Recording of Sensory Neuron Activity and Temperature Stimulus
The neuronal activity of the sensory neurons associated with the S. coelocapitulum was investigated by extracellular recordings. The precise positioning of the reference and the recording electrode was controlled by two digital micromanipulators (NanoControlNC40, Kleindiek, Germany). As reference electrode, an electrolytically sharpened tungsten electrode was inserted deep into the last segment of the flagellum. As recording electrode, a glass capillary (1B100F-3, Precision Instruments, USA) was used and two electrodes were produced by a micropipette-puller (P-97 Flaming/Brown, Sutter Instrument, USA). The recording electrodes had a resistance of 7–60 MΩ when filled with 1M KCl. The recordings were band passed filtered (100 Hz–3 kHz) and amplified 1000× (BA-03X amplifier, npi, Germany). Additionally, a digital filter (Humbug, Quest Scientific, Canada) was used to reduce the electrical noise. The voltage signals of the sensory neurons were sampled at a frequency of 25 kHz.

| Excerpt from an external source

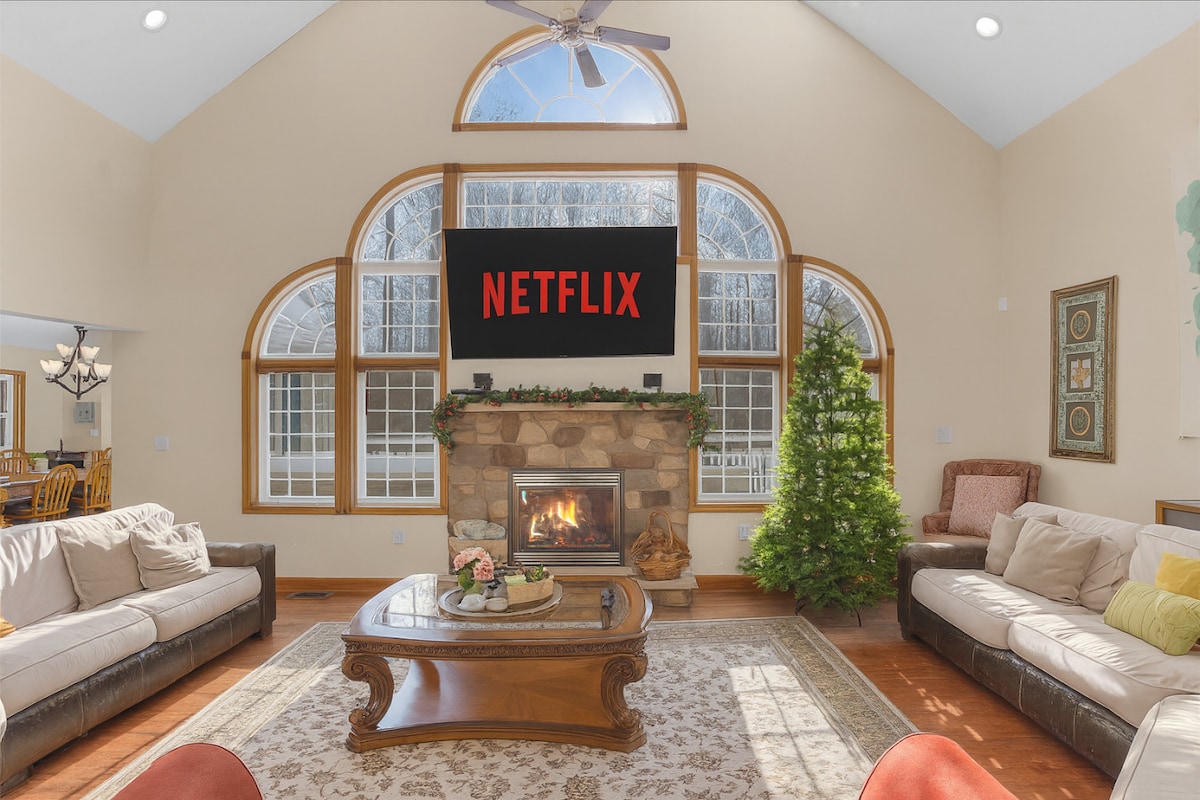 «Hugo Haus» ofrece acceso al resort con piscina de temporada, lago, playa, parque infantil, canchas de tenis y baloncesto. ★ «Extremadamente limpio, bien surtido y en una comunidad muy tranquila y segura». ☞ Patio trasero con terraza + parrilla Weber BBQ Loft de☞ juegos con arcade Ms Pac-Man ☞ Cocina totalmente equipada y abastecida Televisores inteligentes de☞ 65" + 40" con Netflix Entrada de ☞ → estacionamiento (5 coches) ☞ Altavoz Bluetooth Klipsch ☞ Chimenea de gas interior ☞ 707 Mbps 7 minutos → DT Albrightsville (cafés, restaurantes, tiendas) 14 minutos → Big Boulder Mountain

Temperature was recorded with a PFA-insulated T/C-thermocouple (5TC-TT-TITI, Omega, US and Canada), positioned 0.2–0.5 cm behind the recording side. The thermocouples were connected to a Thermocouple input module (NI9214, National Instruments, USA) at a sampling rate of 4 Hz in high-resolution mode. This configuration resulted in an accuracy of temperature measures of 0.01°C. The voltage of the neuronal signals and temperature were recorded simultaneously.
The neuronal activity of the sensory neurons was recorded by placing the electrode in close proximity to a S. coelocapitulum. The temperature-controlled airstream was directed onto the antennal tip along the longitudinal axis of the antenna. The recording electrode was inserted in an off-axis angle into the shallow depression next to the mushroom like protrusion of the S. coelocapitulum. This arrangement of the recording electrode with respect to the airstream ensures minimal impact of the electrode to the stimulus application, and the very sharp tip of the electrode may only have a small impact on additional heat-flow from the electrode to the sensillum or vice versa. The stereotyped positioning of the electrode may be one reason why we measured in most cases only two of the probably three neurons of the S. coelocapitulum (Nakanishi et al., 2009).
Data Analyses and Statistics
The extracellular recordings with sharp glass electrodes allowed measuring small voltage changes (spikes), corresponding to action potentials (APs) of the neurons. The amplitude and the shape of the spikes depend on physical properties of the sensillum, size of the neurons and also the vicinity of the recording electrode to the sensory neurons. The spikes of different sensory neurons can be discriminated based on shape and amplitude, and thereby activity can be assigned to different sensory neurons.
In those cases where more than one sensory neuron was recorded, the signal-to-noise ratio was good for one of the sensory neurons, whereas the spike-amplitude of a second neuron was close to noise level and segregated from noise by the shape of its spikes. The spikes were sorted using Spike2-software (Spike2 v7.03, Cambridge Electronic Design, UK) and further analyses were done using R-software (RDC-Team, 2012). If not otherwise stated, all calculations on the temperature stimulus and the neuronal activity were done in 1 s windows.
Analysis of a Cold-Sensitive Neuron, Coding for Temperature Changes (TT-Neuron)
In all recordings, the spikes with high amplitude can be assigned to a cold-sensitive neuron, responding to temperature changing rates (TT-neuron), and adaptations during steady state temperature conditions. We quantified the response properties using the instantaneous frequency (IF; reciprocal of the inter spike interval) for describing the neuronal response and the temperature changing rate as the adequate stimulus.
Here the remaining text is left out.